A simplified illustration of what NIS2 is intended to achieve is provided by the NIST framework (diagram). From our point of view, NIST clearly describes what the BSI basic protection catalogue in Germany or other frameworks also say. What does cyber security achieve and up to where, and where does cyber resilience begin - and who is responsible?
Cyber resilience is more than cyber security
So far largely unnoticed by the legislature, the EU directive NIS2 now makes cyber resilience a mandatory topic for almost all companies - and even makes those responsible for management personally liable for its implementation. And this will happen in quite a short time.
For IT decision-makers, the focus has so far been on all challenges in the area of cyber security. Today, cyber security approaches that aim to prevent attacks from the outset are widely understood and budgeted so that even a separate C-level has been set up at organisational level: the CSO, who takes care of this topic with a dedicated team.
In contrast, cyber resilience is still severely lacking in resources - as it has not yet been such a hot topic.
Up until now, thanks to NIS2. As companies do not yet have a "cyber resilience unit", this part is currently being tackled by completely different people in the company - usually those involved in the general IT infrastructure.

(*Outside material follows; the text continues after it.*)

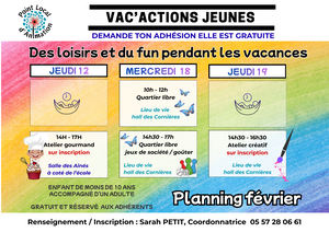 Renseignements et inscriptions auprès de Sarah PETIT au :
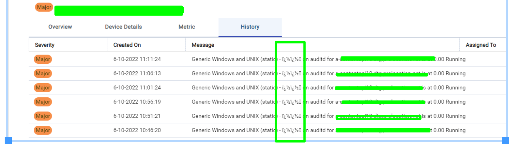Sometimes robots create alarms that contain strange characters. See the pictures below for examples.

The ability to "recover" from an attack as quickly and unscathed as possible (cyber resilience) is probably a lesson learnt from the recent past and present, in which cyber attackers penetrate systems measurably much earlier or for much longer before launching an attack.
Ransomware in the backup area can massively undermine disaster recovery options - if a company is not prepared for this.
NIS2 poses the question in the long term: are you prepared for an emergency so that your data is back in operation as quickly and seamlessly as possible and you can continue working?
From our experience in distribution we know: Every company has a more or less up-to-date backup concept or solution design. However, the allocation of resources previously determined whether these should be revisited from a cyber resilience and optimisation perspective.
With NIS2, this is now worth doing in any case, as the new EU directive casts cyber resilience into law: Who is affected and how can the requirements be resolved as quickly and comprehensively as possible in the time remaining until 17 October 2024?
NIS2 - How it works
All companies with more than 50 employees or more than 10 million in annual turnover, as well as those in critical sectors, fall under NIS2, whereby a distinction is made between "Essentials" and "Important".
Almost all companies are therefore covered, with a particular focus on KRITIS and the healthcare sector, as well as energy, transport and digital infrastructure (i.e. companies affected by DORA).
How does NIS2 impact you?
A particular feature when the directive comes into force on 17 October 2024 is the responsibility that will be associated with direct liability for managing directors and board members. High penalties will force them to actually and measurably do more to implement cyber resilience.
Benefit from NIS2 for yourself
The aim of NIS2 is to strengthen cyber resilience and provide better protection against attacks.
However, NIS2 also has benefits for companies, according to how the topic is approached. The fact is that NIS2 has to be implemented now - anyway. However, it is also possible - and this is the decisive advantage of NIS2 - that those companies that have implemented NIS2 as far as possible will have a clear competitive advantage.
- Increased resilience not only helps us in the event of cyber attacks, but also makes us generally more agile in responding to events.
- NIS2 compliance makes companies in many sectors more attractive to competitors who have not yet implemented it.
- Risk minimisation, also in terms of cyber insurance, is possible.
- AI-based approaches open up powerful new opportunities to be supported.
However, NIS2 compliance must first be visualised by companies themselves, as there is no ISO certification available.
NIS2 from a data protection perspective: Good traditional backup
The five subject areas that we offer in our solutions and services are described in the NIS2 guidelines. The solution design of VIKING Backup Guardian is based precisely on these topics, such as zero trust, modern air gap, DR tests - the VIKING Backup Guardian features and services are already "NIS2-ready".
It is worth consulting an expert: What is NIS2 actually about?
Essentially, NIS2 is about describing the implementation of the directive. That's half the battle. The solution used - whether it is Rubrik or Cohesity, or another solution - does not matter, rather whether you can demonstrate regular restore tests, for example - which in theory is also achievable using Excel. Large companies will issue guidelines to their departments so that internal standards are developed, e.g. an air gap copy of all data - while the IT department will have to describe the way in which this is to be achieved.
Modern solutions can be of great help to companies. After all, you should be aware of this: NIS2 will not be done with a bundle of measures, but will in future be a recurring to-do with a lifecycle.
Modern, smart solutions should offer companies and IT teams enormous resource savings. We developed a fully managed service solution long before NIS2 that is technologically at the cutting edge of the market, as it already starts with detection. From detection onwards, all steps are automated and AI-driven:
- Detection of malware in backup data
- Malware clean-up
- Regular DR tests
- Weekly recovery assurance
- Includes versioning, reports and documentation.
From our experience, many tasks that IT teams cannot manage in their daily business are thus already completed - on the go. Thanks to rapid deployment and our underlying service, companies can simply tick off more than a third of their to-dos when implementing NIS2.